И, пригладив без того гладкую, серебряную голову, он вздохнул.
— Весьма опасаюсь распущенного ума! — продолжал он, глядя в окно, хотя какую-то частицу его взгляда Клим щекотно почувствовал на своем лице. — Очень верно сказано: «Уме недозрелый, плод недолгой науки». Ведь умишко наш — неблаговоспитанный кутенок, ему — извините! — все равно, где гадить — на кресле, на дорогом ковре и на престоле царском, в алтарь пустите — он и там напачкает. Он, играючи, мебель грызет, сапог, брюки рвет, в цветочных клумбах ямки роет, губитель красоты по силе глупости своей.
Но, подняв руку с вытянутым указательным пальцем, он благосклонно прибавил:
— Не отрицаю однако, что некоторым практическим умам вполне можно сказать сердечное спасибо. Я ведь только против бесплодной изобретательности разума и слепого увлечения женским его кокетством, желаньишком соблазнить нас дерзкой прелестью своей. В этом его весьма жестоко уличил писатель Гоголь, когда всенародно покаялся в горестных ошибках своих.
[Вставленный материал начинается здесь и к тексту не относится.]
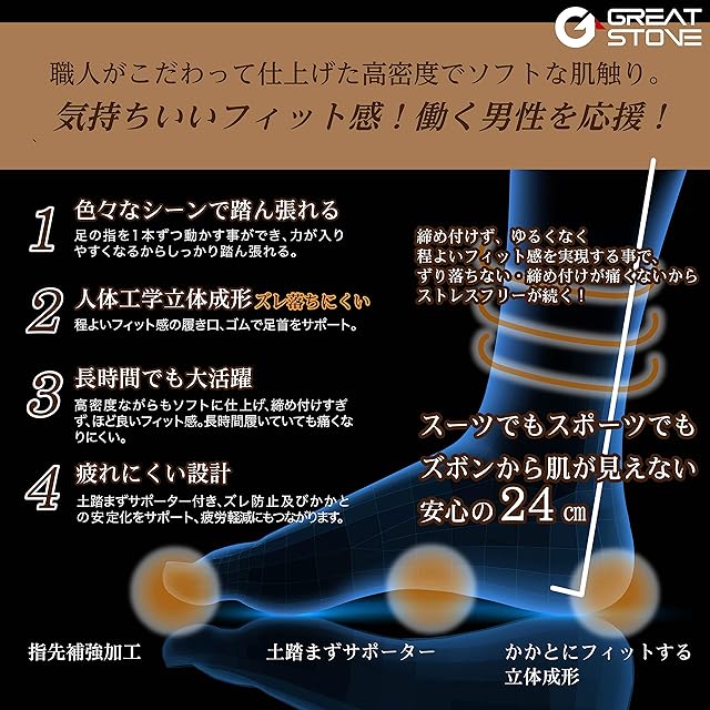 【商品スペック】 丈の長さはかかとから24cm、足の甲部分もしっかりと伸縮するサポータータイプ。ビジネスでもプライベートでも使いやすく、長時間ストレスなく履き続けられます。通気性も良く、蒸れにくい特徴がありあます。匂い、多汗性など足の問題解決にお役立てください。

Сокрушенно вздохнув, старик продолжал, в тоне печали:
— Вот, тоже, возьмемте женщину: женщина у нас — отменно хороша и была бы того лучше, преферансом нашим была бы пред Европой, если б нас, мужчин, не смутили неправильные умствования о Марфе Борецкой да о царицах Елизавете и Екатерине Второй. Именно на сих примерах построено опасное предубеждение о женском равноправии, и получилось, что Европа имеет всего одну Луизу Мишель, а у нас таких Луизок — тысячи. Вы, конечно, не согласны с этим, но — подождите! Подождите до возраста более зрелого, когда природа понудит вас вить гнездо.